The rescue of the pathogenic phenotypes was achieved by introducing the wild-type PKP2 gene back into mutant hiPSC-CMs, thus suggesting that mutation of PKP2 is sufficient to induce the pathological features observed in ARVC-CMs[74].

Interestingly, the same cells were used by Cerrone et al[76] to verify a PKP2-mediated modulation of I_Na: indeed, as already shown using other cellular systems, ARVC-CMs showed drastically reduced I_Na and the deficit was restored by re-introducing the wild type PKP2 gene.

CONCLUSION

Since the discovery of the cellular reprogramming method followed by in vitro CM differentiation, several findings regarding human cardiac cells, especially those exhibiting a pathological phenotype, have been made possible. We can discuss how close or how far is the relation between hiPSC-CMs and the normal counterpart, but surely the possibility to obtain human CMs in a culture dish is adding a missing item to the scientific community. Every model has its own limitations and this is true also for hiPSC-CMs. Indeed, data from the literature reports the most evident and predictable phenotypes, leaving aside those perhaps more interesting but still unexplainable. However, as shown, many patients’ features are found in these hiPSC-CMs, starting from the prolongation of the APD corresponding to the elongation of the cardiac QT interval, or EAD or DAD events equivalent to arrhythmic episodes, or the presence of cellular lipid droplets primarily found in cardiac biopsies of patients with ARVC[77].

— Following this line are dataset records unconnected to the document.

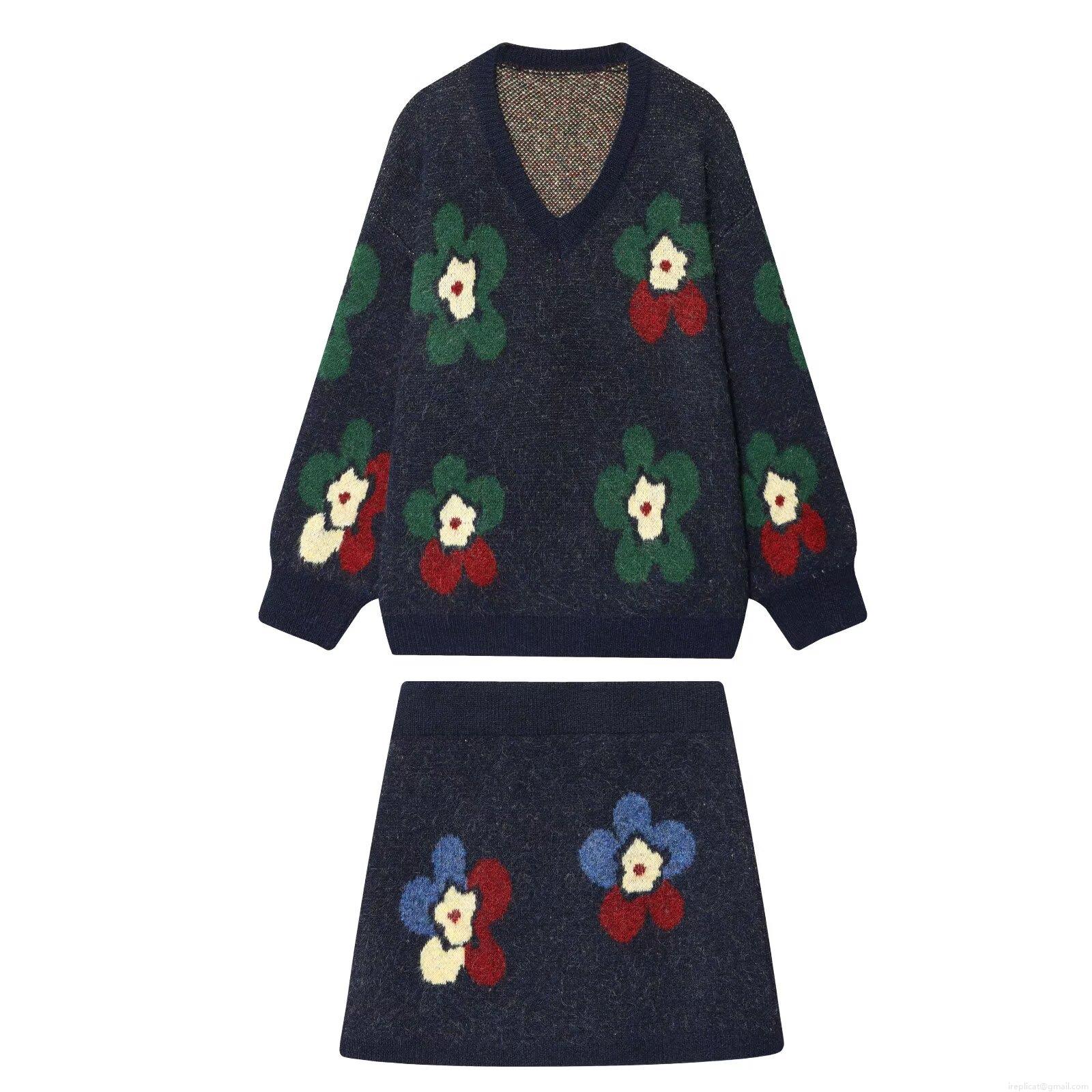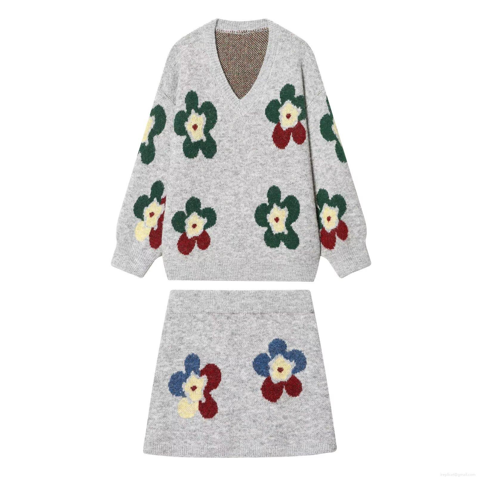 • Women's Knit Two-Piece Skirt Set Flower Jacquard V-Neck Long Sleeve Sweater And Mini Skirt Warm Cozy Casual Outfit For Women Streetwear Autumn Winter
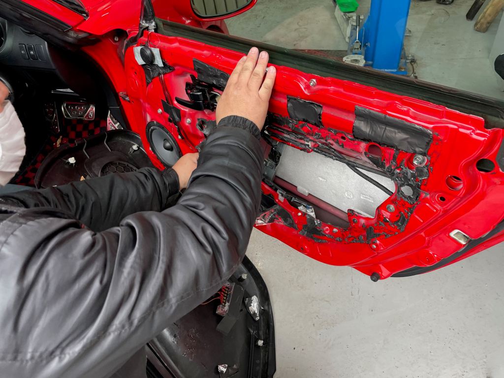 最後にドアロックの修理。音響を良くするためにデッドニング施工されていて、その影響でドアロックリンクの動きが悪くなってしまい、ドアロック本体に負担がかかり故障してしまっていました。
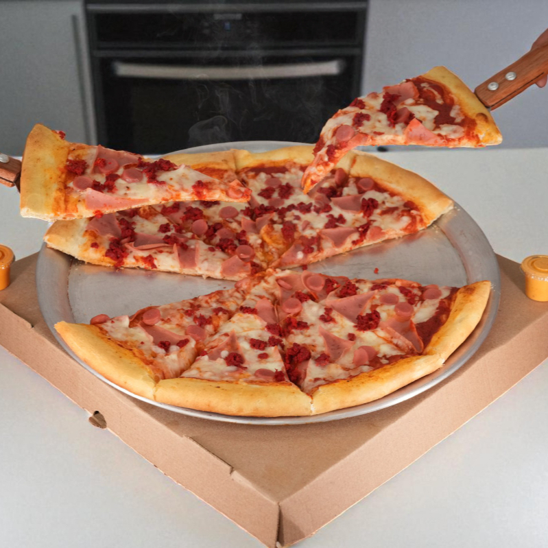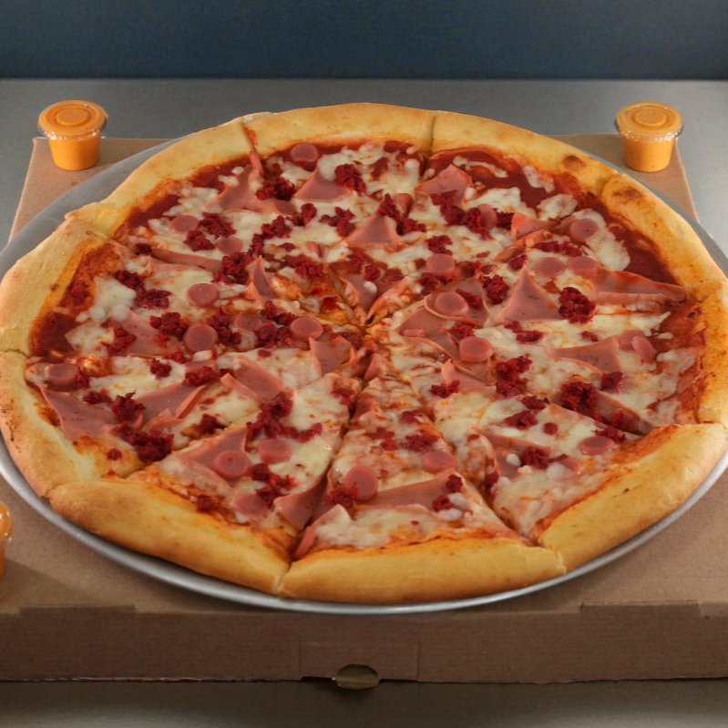 Pizza familiar de 10 rebanadas con variedad de carnes frías, queso y salsa de la casa.
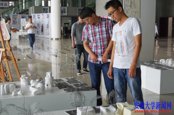 本网讯(新闻中心学生记者 孟圆圆 陈舒霞 周子安)连日来,以“不拘一格,光荣绽放”为主题的工业设计作品展在磬苑校区文典阁一楼展厅举行。本次展览作品共计300余件,由安徽大学电气工程与自动化学院工业设计专业13级和14级全体学生提供,分为造型基础、设计色彩、旅游产品、材料工艺研究模型等类型。

Human CMs have been derived also from cells of patients carrying other genetic disorders involving cardiac pathologies such as Leopard syndrome[78], Pompe disease[79], Duchenne muscular dystrophy[80], Friedreich’s ataxia[81], and Fabry disease[82].

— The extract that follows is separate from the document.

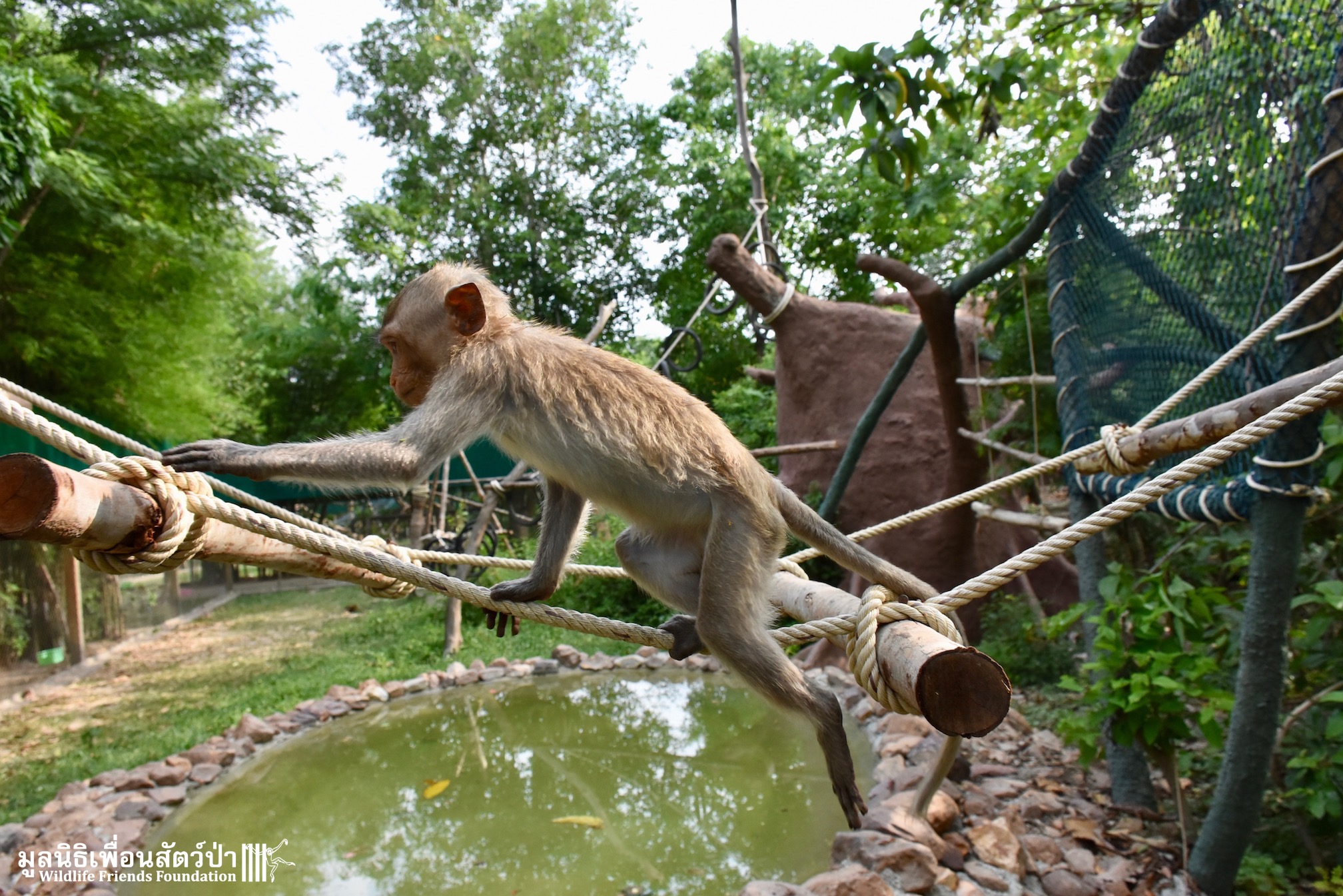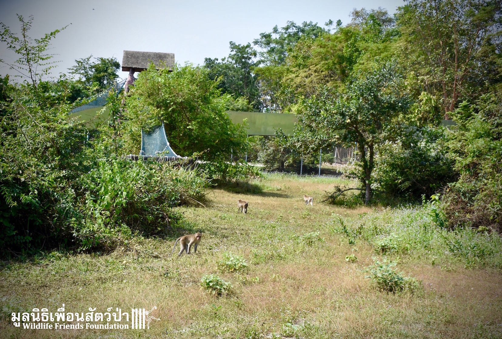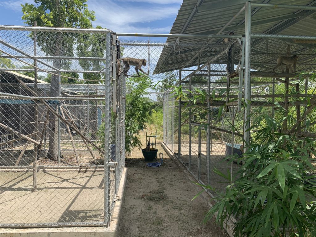 The rescue facilities, with large enclosures for re-socializing the macaques after quarantine period.
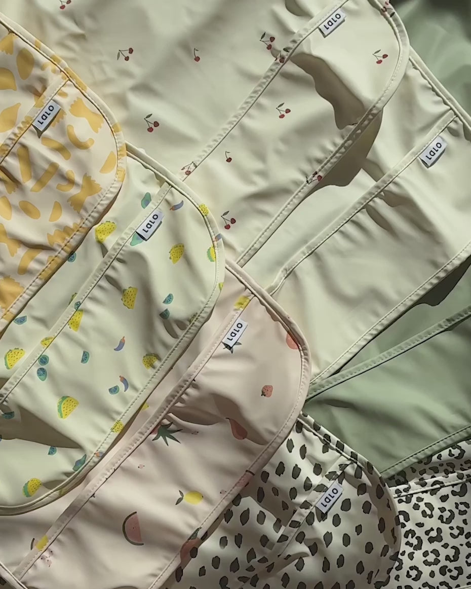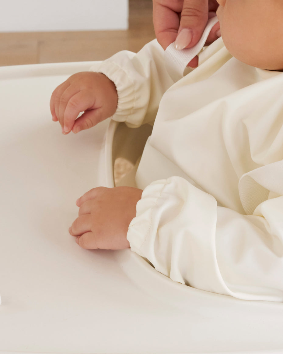 The Smock Bib is wipeable and machine washable! Simply wipe clean with a damp sponge and mild soap or machine wash on cold and air dry completely before storing. For best results, hang to dry, inside out after each use.

In all of the cases, patients-derived CMs showed the main characteristic traits of the related pathology: hypertrophic cells in Leopard[78]; lower β-glucosidase activity, lower markers of metabolism, and higher glycogen content in Pompe[79]; a dystrophic gene expression profile in Duchenne[80]; impaired mitochondrial homeostasis in Friedreich’s ataxia[81]; and globotriaosylceramide accumulation in Fabry disease[82]. Moreover, patients-derived CMs represent a powerful model to test type and dosage of clinically used drugs, laying the basis for a personalized therapy.

Increasing the number and diversifying the type of modeled patients will surely improve the understanding of the biological mechanism that leads to the considered disease. Nevertheless the big ongoing efforts reside in eliminating any kind of interaction of the reprogramming technology with patient’s DNA and in identifying an easily reproducible protocol that leads to CM differentiation. Then, the non integrative Sendai-based reprogramming approach, followed by a chemical defined differentiation medium will surely solve the issue of reproducible cardiomyocyte differentiation.